> EXERCISE
Could you give back exactly the lines below from the one with "- Includes a" through the one with "ETH: 日内增幅2.8%。", without a single picture?

> MATERIAL FOR THIS EXERCISE
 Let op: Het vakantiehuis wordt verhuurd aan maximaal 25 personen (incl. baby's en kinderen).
--
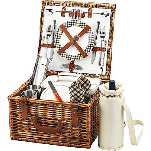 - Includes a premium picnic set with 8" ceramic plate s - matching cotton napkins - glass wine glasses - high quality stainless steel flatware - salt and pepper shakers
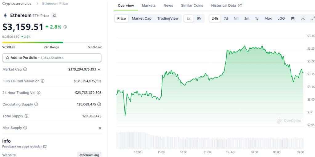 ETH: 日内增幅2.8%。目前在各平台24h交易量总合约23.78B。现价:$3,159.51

> TASK SOLUTION
 - Includes a premium picnic set with 8" ceramic plate s - matching cotton napkins - glass wine glasses - high quality stainless steel flatware - salt and pepper shakers
 ETH: 日内增幅2.8%。目前在各平台24h交易量总合约23.78B。现价:$3,159.51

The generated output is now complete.